** Dataset follows **

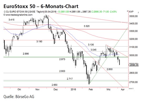 Rückblick: Nachdem der EuroStoxx 50 Index Mitte März die Kurshürde bei 3.106 Punkten erreicht hatte, begann der Wert eine dreiecksförmige Korrektur, die ihn mehrfach an die Unterstützung bei 2.973 Punkten zurückführte.
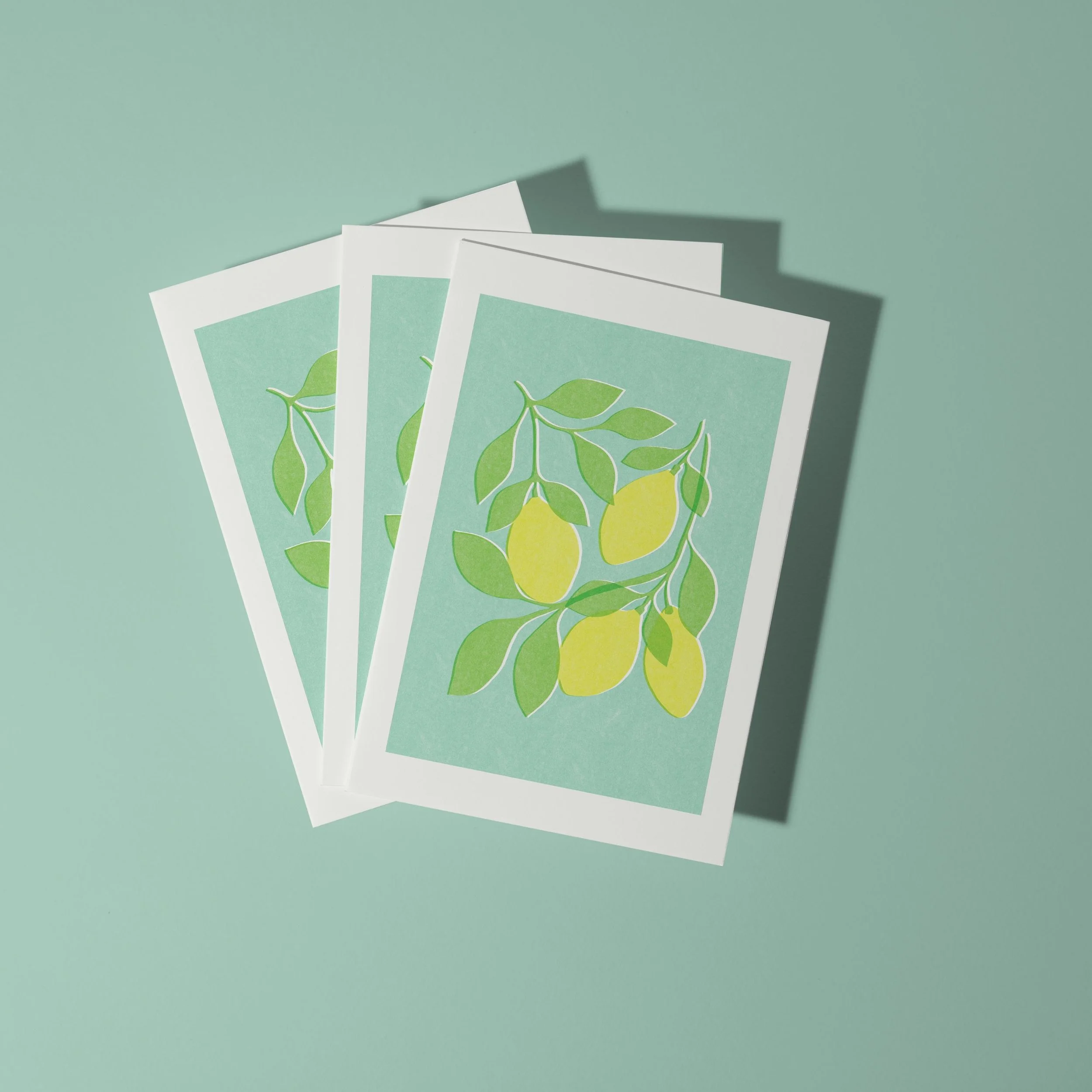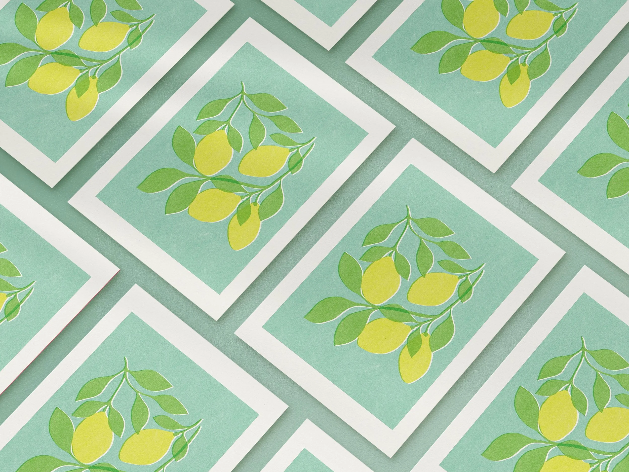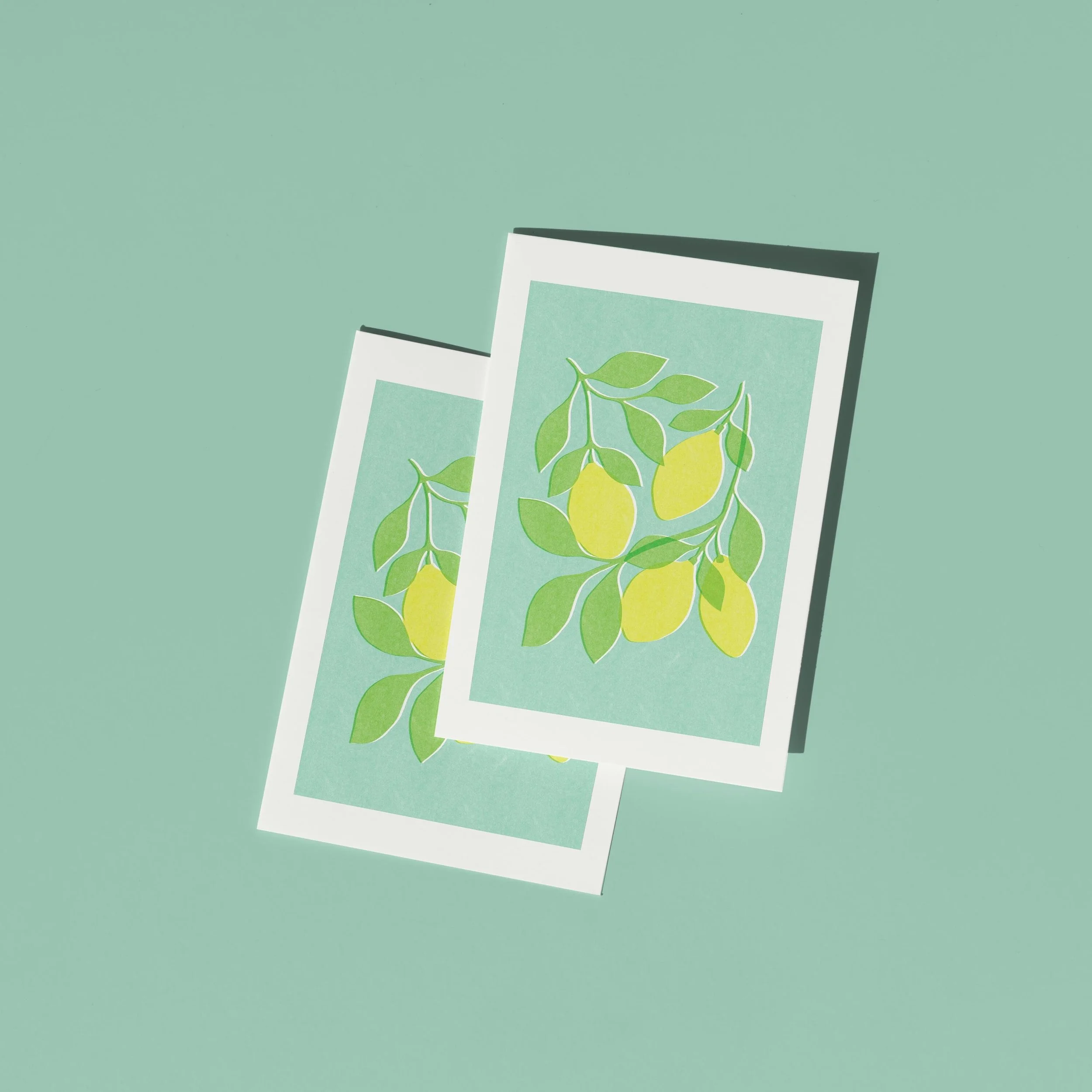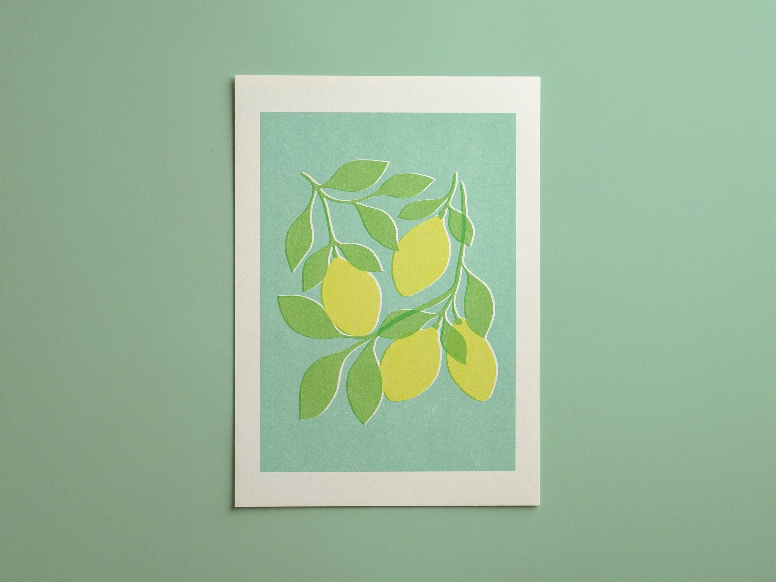 Lemon Risograph Print, A3 A4 A5 5x7 4x6
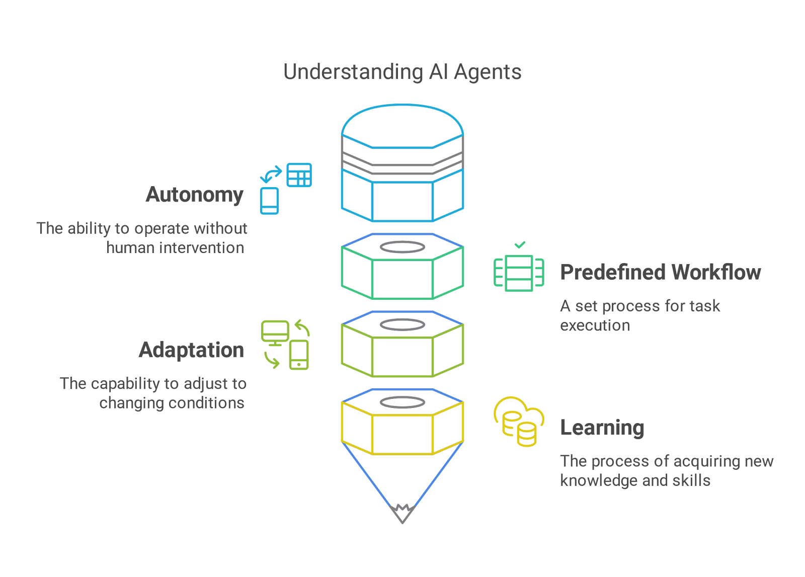 However, when environmental conditions or events change, the agent adapts by evolving and learning independently to achieve its objectives in the most efficient manner. Through continuous and rigorous learning, the AI agent becomes increasingly precise and refined over time.
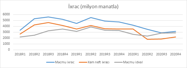 2020-ci ildə neft qiymətlərinin kəskin enməsi və ikinci rübün sonlarından OPEC razılaşması ilə bağlı olaraq neft istehsalının azaldılması nəticəsində ixrac təqribən 30 faiz gerilədi. Keçən il 16 faiz daha çox qaz ixracı neft sektoru üzrə illik itkini qarşılamağa kifayət etmədi. Neft qiymətlərinin ilin sonuna doğru artması OPEC razılaşmasının hələ də qüvvədə qalması səbəbindən ixracda ciddi bir artıma səbəb olmadı. Koronavirus şəraitində beynəlxalq ticarətdə ortaya çıxan fiziki əngəllər və əhalinin gəlirlərinin azalması nəticəsində təqribən 22 faiz daha az məhsul idxal olundu. İdxaldakı bu azalma manat üzərində təzyiqləri azaldaraq məzənnənin sabit saxlanılmasını nisbətən asanlaşdırdı.
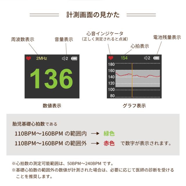 | 心音測定範囲 | 50BPM〜240BPM |

** End of Dataset **

◆ Problem requirements: Above are some entries. Restate word for word the lines from the one holding "Lemon Risograph Print, A3 A4 A5 5x7 4x6" through the one holding "However, when environmental", but not the pictures.

◆ Answer below:
 Lemon Risograph Print, A3 A4 A5 5x7 4x6
 However, when environmental conditions or events change, the agent adapts by evolving and learning independently to achieve its objectives in the most efficient manner. Through continuous and rigorous learning, the AI agent becomes increasingly precise and refined over time.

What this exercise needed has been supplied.